#### ACTIVITY:
Reproduce the top of the data verbatim, through and including the line that contains "Главной особенностью ограждения".

#### Data extracted from a collection:
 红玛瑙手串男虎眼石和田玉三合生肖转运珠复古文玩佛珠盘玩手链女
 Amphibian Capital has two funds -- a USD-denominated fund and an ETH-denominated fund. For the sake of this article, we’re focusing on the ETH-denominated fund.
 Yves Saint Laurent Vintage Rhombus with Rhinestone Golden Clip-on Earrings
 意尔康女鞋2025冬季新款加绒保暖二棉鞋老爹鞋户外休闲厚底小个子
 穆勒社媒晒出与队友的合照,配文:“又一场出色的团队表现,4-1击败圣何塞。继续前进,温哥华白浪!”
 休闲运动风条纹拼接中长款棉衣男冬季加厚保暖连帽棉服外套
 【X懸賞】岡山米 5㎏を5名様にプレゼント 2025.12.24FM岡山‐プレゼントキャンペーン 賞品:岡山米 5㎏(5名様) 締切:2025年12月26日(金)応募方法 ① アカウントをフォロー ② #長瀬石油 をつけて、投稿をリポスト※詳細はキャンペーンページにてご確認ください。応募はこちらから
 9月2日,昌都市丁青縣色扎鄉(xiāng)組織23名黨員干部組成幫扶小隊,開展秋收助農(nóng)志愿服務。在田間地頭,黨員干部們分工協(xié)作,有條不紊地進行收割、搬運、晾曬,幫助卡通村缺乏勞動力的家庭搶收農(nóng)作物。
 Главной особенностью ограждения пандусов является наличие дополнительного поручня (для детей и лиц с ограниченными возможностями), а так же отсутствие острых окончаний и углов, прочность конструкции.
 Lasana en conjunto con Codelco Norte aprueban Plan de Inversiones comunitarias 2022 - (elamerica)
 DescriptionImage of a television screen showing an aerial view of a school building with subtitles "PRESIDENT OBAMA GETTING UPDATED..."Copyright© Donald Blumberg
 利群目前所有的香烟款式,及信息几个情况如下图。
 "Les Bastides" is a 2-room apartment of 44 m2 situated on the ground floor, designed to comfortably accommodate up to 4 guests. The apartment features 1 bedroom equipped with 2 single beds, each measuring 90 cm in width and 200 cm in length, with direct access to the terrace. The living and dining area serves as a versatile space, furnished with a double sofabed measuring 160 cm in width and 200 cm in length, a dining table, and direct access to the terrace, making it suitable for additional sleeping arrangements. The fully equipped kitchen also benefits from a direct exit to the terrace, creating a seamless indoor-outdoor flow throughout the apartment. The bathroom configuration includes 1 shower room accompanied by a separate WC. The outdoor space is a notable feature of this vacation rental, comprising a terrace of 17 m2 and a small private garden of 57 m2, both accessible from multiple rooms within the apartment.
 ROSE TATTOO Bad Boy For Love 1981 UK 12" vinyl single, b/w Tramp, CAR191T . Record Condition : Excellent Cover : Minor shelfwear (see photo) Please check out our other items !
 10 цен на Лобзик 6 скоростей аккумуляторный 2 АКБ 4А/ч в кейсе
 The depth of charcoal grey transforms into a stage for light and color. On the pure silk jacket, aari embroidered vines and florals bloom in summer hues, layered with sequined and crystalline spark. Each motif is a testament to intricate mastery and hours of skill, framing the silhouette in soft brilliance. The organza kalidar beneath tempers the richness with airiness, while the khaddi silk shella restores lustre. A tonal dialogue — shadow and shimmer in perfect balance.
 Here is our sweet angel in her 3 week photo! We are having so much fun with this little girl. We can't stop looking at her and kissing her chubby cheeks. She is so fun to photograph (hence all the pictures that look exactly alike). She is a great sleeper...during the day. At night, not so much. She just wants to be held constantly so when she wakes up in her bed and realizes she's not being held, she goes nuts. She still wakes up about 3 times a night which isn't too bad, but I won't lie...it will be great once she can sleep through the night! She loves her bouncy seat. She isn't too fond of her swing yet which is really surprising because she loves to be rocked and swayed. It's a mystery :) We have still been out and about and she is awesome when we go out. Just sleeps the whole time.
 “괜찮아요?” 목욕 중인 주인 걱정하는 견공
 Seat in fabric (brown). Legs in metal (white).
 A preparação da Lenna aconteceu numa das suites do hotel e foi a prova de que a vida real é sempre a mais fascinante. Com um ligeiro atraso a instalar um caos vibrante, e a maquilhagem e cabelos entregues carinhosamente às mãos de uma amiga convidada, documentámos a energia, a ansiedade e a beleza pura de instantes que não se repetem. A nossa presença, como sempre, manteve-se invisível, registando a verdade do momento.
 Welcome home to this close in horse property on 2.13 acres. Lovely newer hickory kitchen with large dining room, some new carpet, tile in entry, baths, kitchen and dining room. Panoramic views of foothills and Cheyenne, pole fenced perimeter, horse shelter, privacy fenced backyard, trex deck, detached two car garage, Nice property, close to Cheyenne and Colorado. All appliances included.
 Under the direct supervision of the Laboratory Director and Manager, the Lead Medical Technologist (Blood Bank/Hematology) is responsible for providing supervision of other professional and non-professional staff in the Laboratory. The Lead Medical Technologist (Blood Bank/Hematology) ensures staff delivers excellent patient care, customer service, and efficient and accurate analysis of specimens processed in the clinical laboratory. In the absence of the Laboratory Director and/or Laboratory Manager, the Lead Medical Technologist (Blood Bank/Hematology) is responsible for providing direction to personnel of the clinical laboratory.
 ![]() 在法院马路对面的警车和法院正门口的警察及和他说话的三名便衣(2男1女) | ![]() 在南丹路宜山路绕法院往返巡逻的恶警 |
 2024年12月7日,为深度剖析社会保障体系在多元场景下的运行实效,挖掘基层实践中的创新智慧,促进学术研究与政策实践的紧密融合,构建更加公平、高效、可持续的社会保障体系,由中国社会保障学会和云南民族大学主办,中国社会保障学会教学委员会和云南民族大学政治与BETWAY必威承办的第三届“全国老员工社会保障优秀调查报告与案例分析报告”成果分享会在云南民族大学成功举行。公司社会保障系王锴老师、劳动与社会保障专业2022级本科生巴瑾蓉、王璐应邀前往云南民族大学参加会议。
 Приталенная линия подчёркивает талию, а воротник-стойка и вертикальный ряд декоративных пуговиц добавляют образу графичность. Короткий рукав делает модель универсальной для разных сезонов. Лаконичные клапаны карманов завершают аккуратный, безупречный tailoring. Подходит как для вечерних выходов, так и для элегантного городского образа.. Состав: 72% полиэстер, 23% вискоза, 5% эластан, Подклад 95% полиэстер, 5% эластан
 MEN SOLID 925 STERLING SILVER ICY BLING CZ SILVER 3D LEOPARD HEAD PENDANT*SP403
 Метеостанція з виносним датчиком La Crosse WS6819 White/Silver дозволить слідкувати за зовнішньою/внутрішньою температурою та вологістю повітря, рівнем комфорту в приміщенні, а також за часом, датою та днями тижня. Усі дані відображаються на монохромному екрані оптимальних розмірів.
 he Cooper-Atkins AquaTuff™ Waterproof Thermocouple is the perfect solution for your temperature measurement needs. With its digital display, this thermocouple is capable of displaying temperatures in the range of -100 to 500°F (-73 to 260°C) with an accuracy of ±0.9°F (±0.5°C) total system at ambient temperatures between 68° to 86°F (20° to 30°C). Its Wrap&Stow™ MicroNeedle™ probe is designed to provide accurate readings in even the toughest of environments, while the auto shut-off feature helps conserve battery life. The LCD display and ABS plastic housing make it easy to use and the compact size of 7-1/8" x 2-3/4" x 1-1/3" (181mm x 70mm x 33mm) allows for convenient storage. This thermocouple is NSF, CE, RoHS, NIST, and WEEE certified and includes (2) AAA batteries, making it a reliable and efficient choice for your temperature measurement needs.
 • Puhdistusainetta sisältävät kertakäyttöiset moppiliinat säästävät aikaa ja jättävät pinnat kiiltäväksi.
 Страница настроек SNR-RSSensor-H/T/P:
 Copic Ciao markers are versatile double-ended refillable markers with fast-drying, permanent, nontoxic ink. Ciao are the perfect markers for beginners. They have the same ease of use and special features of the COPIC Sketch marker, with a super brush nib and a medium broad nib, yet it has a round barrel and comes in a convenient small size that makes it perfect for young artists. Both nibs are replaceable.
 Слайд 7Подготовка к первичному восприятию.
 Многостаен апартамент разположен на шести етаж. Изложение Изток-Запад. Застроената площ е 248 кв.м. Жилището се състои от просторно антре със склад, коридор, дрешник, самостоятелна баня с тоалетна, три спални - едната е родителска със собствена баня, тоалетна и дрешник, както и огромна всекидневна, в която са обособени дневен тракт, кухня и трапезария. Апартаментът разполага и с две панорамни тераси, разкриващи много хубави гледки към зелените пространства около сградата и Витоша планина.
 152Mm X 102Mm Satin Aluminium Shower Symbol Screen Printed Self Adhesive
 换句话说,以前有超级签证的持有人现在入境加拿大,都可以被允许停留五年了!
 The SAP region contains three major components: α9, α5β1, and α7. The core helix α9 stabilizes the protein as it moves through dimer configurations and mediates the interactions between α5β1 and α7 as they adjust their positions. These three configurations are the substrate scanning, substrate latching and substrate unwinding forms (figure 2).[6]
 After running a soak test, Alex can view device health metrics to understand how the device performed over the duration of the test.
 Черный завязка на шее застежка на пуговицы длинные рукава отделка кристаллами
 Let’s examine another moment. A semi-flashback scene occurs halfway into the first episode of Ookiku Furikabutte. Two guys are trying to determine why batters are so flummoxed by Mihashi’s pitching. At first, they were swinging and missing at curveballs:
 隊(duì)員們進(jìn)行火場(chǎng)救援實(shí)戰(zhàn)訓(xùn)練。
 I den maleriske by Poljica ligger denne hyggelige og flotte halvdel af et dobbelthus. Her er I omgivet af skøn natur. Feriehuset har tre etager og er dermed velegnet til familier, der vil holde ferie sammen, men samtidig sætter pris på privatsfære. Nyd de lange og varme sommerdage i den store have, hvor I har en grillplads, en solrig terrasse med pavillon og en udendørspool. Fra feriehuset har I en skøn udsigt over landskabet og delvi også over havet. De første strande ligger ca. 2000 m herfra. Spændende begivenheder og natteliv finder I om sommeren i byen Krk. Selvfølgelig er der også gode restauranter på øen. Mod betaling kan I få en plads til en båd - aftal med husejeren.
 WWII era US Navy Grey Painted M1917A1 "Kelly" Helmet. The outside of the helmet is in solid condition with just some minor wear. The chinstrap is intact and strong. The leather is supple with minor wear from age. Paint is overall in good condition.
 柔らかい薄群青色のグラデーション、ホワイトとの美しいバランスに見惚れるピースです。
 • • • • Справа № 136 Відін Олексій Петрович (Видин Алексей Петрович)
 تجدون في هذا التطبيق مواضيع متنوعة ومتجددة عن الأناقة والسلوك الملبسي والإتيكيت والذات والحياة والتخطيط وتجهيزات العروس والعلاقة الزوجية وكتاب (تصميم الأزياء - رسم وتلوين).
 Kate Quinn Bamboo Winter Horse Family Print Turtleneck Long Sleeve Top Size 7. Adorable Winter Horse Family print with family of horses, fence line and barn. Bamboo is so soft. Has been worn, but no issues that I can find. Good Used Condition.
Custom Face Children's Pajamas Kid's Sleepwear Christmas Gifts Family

#### RESULT OF THIS EXERCISE:
 红玛瑙手串男虎眼石和田玉三合生肖转运珠复古文玩佛珠盘玩手链女
 Amphibian Capital has two funds -- a USD-denominated fund and an ETH-denominated fund. For the sake of this article, we’re focusing on the ETH-denominated fund.
 Yves Saint Laurent Vintage Rhombus with Rhinestone Golden Clip-on Earrings
 意尔康女鞋2025冬季新款加绒保暖二棉鞋老爹鞋户外休闲厚底小个子
 穆勒社媒晒出与队友的合照,配文:“又一场出色的团队表现,4-1击败圣何塞。继续前进,温哥华白浪!”
 休闲运动风条纹拼接中长款棉衣男冬季加厚保暖连帽棉服外套
 【X懸賞】岡山米 5㎏を5名様にプレゼント 2025.12.24FM岡山‐プレゼントキャンペーン 賞品:岡山米 5㎏(5名様) 締切:2025年12月26日(金)応募方法 ① アカウントをフォロー ② #長瀬石油 をつけて、投稿をリポスト※詳細はキャンペーンページにてご確認ください。応募はこちらから
 9月2日,昌都市丁青縣色扎鄉(xiāng)組織23名黨員干部組成幫扶小隊,開展秋收助農(nóng)志愿服務。在田間地頭,黨員干部們分工協(xié)作,有條不紊地進行收割、搬運、晾曬,幫助卡通村缺乏勞動力的家庭搶收農(nóng)作物。
 Главной особенностью ограждения пандусов является наличие дополнительного поручня (для детей и лиц с ограниченными возможностями), а так же отсутствие острых окончаний и углов, прочность конструкции.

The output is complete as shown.